Provided data
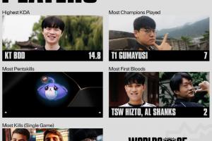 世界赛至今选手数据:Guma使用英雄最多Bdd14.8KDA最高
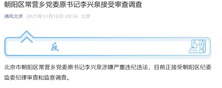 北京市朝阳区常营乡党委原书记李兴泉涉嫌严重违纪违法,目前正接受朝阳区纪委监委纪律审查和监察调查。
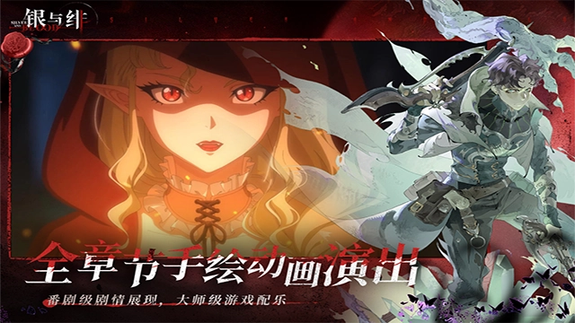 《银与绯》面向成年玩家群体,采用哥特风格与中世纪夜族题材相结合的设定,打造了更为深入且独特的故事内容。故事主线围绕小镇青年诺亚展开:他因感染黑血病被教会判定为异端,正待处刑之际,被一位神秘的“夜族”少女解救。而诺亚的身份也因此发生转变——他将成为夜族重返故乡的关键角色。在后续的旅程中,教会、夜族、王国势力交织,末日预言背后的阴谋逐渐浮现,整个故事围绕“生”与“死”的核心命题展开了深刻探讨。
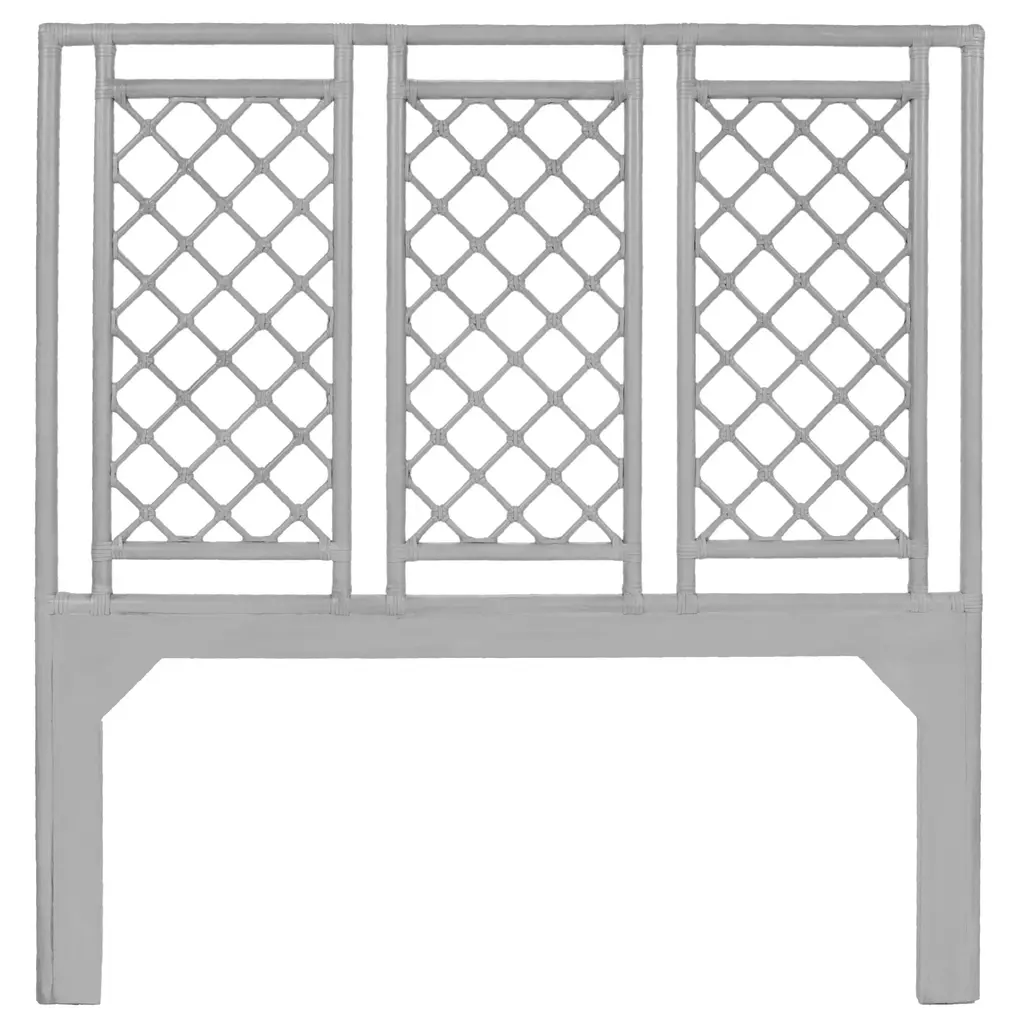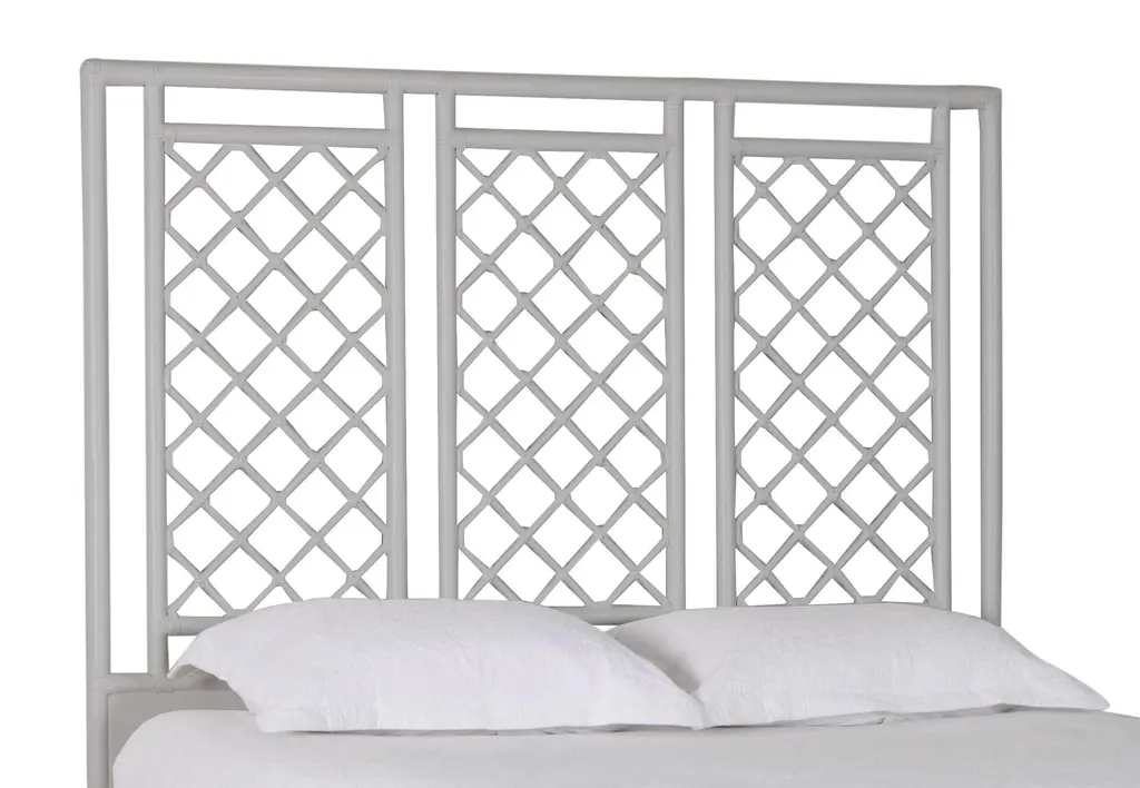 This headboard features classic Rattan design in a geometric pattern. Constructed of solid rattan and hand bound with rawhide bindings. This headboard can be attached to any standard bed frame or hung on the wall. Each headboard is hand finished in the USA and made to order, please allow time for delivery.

The task
Copy out all the data exactly. No images belong in the copy.

Expected answer
 世界赛至今选手数据:Guma使用英雄最多Bdd14.8KDA最高
 北京市朝阳区常营乡党委原书记李兴泉涉嫌严重违纪违法,目前正接受朝阳区纪委监委纪律审查和监察调查。
 《银与绯》面向成年玩家群体,采用哥特风格与中世纪夜族题材相结合的设定,打造了更为深入且独特的故事内容。故事主线围绕小镇青年诺亚展开:他因感染黑血病被教会判定为异端,正待处刑之际,被一位神秘的“夜族”少女解救。而诺亚的身份也因此发生转变——他将成为夜族重返故乡的关键角色。在后续的旅程中,教会、夜族、王国势力交织,末日预言背后的阴谋逐渐浮现,整个故事围绕“生”与“死”的核心命题展开了深刻探讨。
 This headboard features classic Rattan design in a geometric pattern. Constructed of solid rattan and hand bound with rawhide bindings. This headboard can be attached to any standard bed frame or hung on the wall. Each headboard is hand finished in the USA and made to order, please allow time for delivery.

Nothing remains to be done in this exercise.